Polycystic ovary syndrome is associated with nonalcoholic steatohepatitis in women of reproductive age

Stephanie S Maldonado 1, Joshua Grab 2, Connie W Wang 3, Heather Huddleston 4, Marcelle Cedars 4, Monika Sarkar 2,3,
PMCID: PMC9512460  PMID: 35861548

Abstract

Polycystic ovary syndrome (PCOS) occurs in approximately 10% of all reproductive‐age women, with over 50% of these patients having imaging‐confirmed nonalcoholic fatty liver disease (NAFLD). Whether PCOS increases the risk for more clinically relevant disease, such as nonalcoholic steatohepatitis (NASH), is unclear. Such findings are relevant to prognosticating risk of progressive liver disease in the growing population of young adults with NAFLD. Using weighted discharge data from the United States National Inpatient Sample from 2016 to 2018, we evaluated the association of PCOS with the presence of NASH among reproductive‐age women with NAFLD. The association of PCOS with NASH was assessed by logistic regression, adjusting for demographic and comprehensive metabolic comorbidities.
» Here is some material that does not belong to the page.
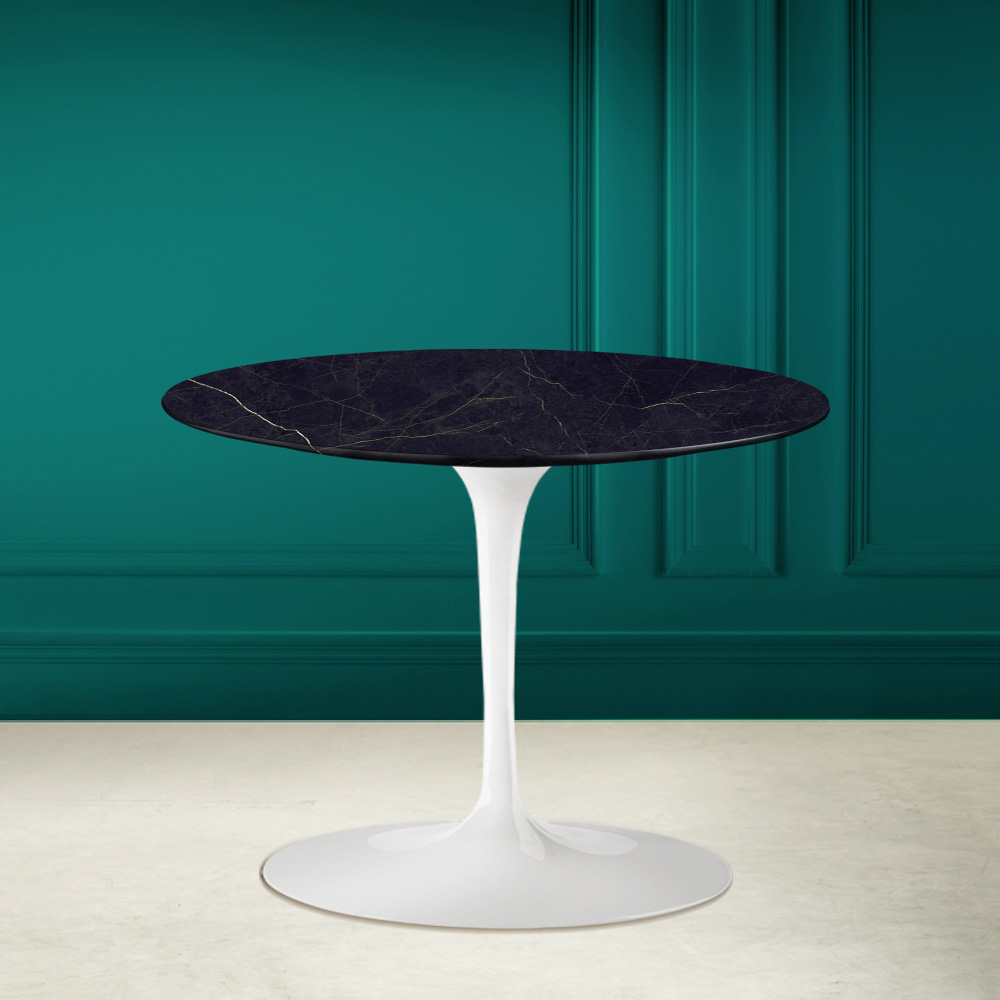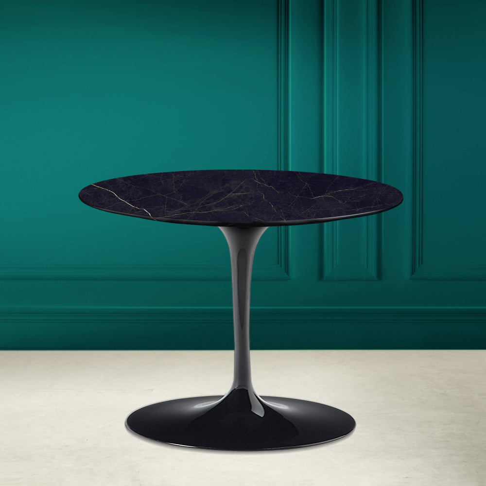 Rundt sofabord med noir laurent keramikplade og poleret aluminiumsbund Made in Italy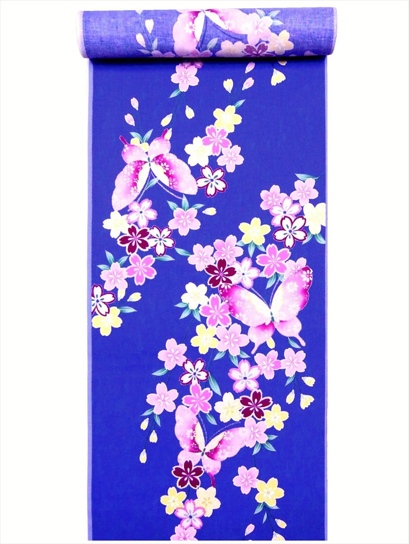 浴衣 反物 No.449 トールサイズ 1反12m+別生地3m ブルー地 チョウ柄 片面染め/耳ナシ

Other causes of hepatic steatosis and chronic liver diseases were excluded. Our analysis included 189,440 reproductive‐age women with NAFLD, 9415 of whom had PCOS. Of those with PCOS, 1390 (15%) had a distinct code for NASH. Women with PCOS were younger (median age, 33 vs. 40 years; p < 0.001) and more likely to have diabetes (37.0% vs. 34.0%), obesity (83.0% vs. 58.0%), dyslipidemia (26.0% vs. 21.0%), and hypertension (38.0% vs. 35.0%) (all p ≤ 0.01). On adjusted analysis accounting for these metabolic comorbidities, PCOS remained independently associated with an increased prevalence of NASH (adjusted odds ratio, 1.22; 95% confidence interval, 1.05–1.42; p = 0.008). Conclusions: Among reproductive‐age women with NAFLD, metabolic risk factors were more common in those with PCOS. Despite adjustment for these metabolic comorbidities, PCOS remained associated with a 22% higher odds of having NASH. These findings support efforts to increase NAFLD screening in young women with PCOS and highlight the potential “head start” in progressive liver disease among young women with PCOS.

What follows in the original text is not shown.